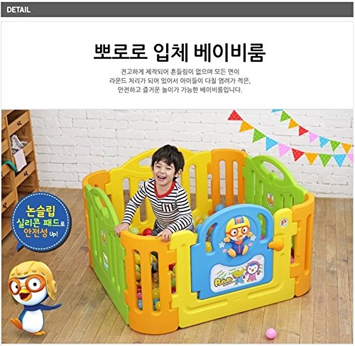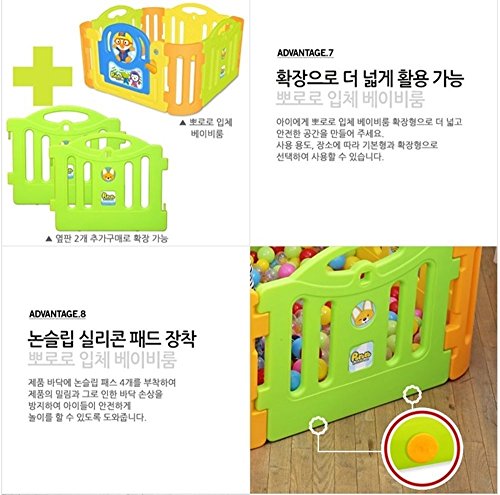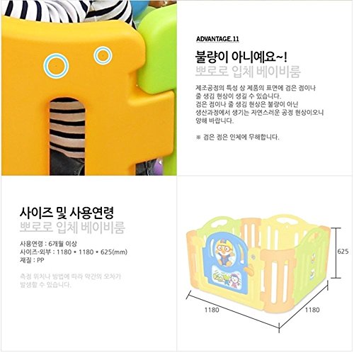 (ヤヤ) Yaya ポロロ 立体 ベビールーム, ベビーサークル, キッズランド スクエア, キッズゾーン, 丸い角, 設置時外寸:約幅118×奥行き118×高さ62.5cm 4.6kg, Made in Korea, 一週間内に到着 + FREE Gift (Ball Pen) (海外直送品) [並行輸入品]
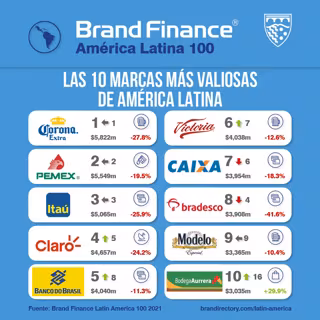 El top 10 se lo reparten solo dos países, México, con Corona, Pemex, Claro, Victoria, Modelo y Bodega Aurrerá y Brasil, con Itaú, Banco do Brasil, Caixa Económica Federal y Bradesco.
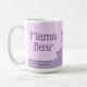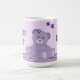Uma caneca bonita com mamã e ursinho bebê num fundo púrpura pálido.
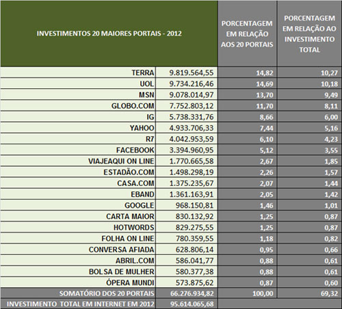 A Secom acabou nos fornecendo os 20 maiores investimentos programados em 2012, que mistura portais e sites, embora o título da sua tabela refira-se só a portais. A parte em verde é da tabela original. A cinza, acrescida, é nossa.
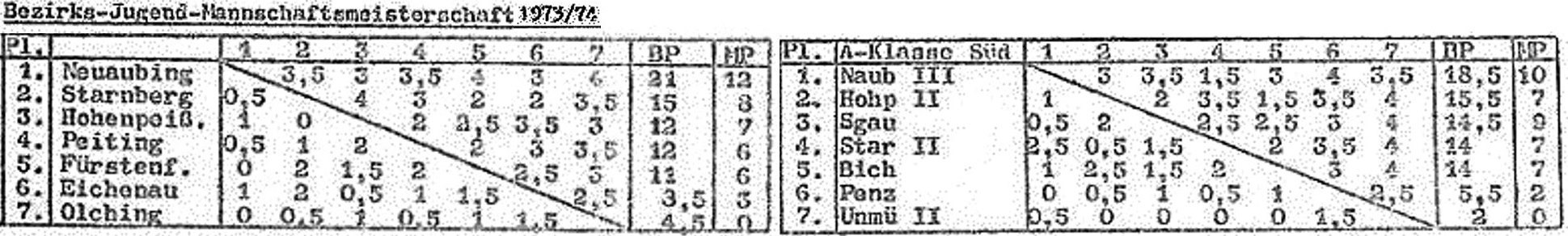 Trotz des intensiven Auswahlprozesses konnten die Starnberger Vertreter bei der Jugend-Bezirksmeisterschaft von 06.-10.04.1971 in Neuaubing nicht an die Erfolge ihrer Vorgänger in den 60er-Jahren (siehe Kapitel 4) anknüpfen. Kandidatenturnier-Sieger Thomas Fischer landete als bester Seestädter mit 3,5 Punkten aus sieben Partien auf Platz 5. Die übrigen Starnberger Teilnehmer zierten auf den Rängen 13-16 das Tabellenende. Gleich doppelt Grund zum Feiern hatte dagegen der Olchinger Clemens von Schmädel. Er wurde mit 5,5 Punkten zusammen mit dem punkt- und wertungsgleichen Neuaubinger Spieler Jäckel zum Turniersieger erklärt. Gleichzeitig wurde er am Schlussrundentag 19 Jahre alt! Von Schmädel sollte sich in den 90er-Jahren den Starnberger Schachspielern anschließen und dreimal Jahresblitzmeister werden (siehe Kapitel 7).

--

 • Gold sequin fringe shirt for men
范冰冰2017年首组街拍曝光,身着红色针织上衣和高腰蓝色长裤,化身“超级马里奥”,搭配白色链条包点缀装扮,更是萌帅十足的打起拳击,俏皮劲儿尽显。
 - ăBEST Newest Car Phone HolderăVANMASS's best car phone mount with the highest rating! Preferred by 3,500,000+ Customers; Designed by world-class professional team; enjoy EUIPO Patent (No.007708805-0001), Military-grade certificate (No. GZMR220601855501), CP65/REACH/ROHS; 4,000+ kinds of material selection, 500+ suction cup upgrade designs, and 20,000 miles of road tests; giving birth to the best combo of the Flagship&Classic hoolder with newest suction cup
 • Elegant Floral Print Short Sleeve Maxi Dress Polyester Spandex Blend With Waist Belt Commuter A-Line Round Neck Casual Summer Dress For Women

◆ Work instructions
Keep to the stretch from the line containing "El top 10 se" through the line containing "A Secom acabou", both ends included, and copy it exactly from the listing above, minus the pictures.

◆ Finished task
 El top 10 se lo reparten solo dos países, México, con Corona, Pemex, Claro, Victoria, Modelo y Bodega Aurrerá y Brasil, con Itaú, Banco do Brasil, Caixa Económica Federal y Bradesco.
Uma caneca bonita com mamã e ursinho bebê num fundo púrpura pálido.
 A Secom acabou nos fornecendo os 20 maiores investimentos programados em 2012, que mistura portais e sites, embora o título da sua tabela refira-se só a portais. A parte em verde é da tabela original. A cinza, acrescida, é nossa.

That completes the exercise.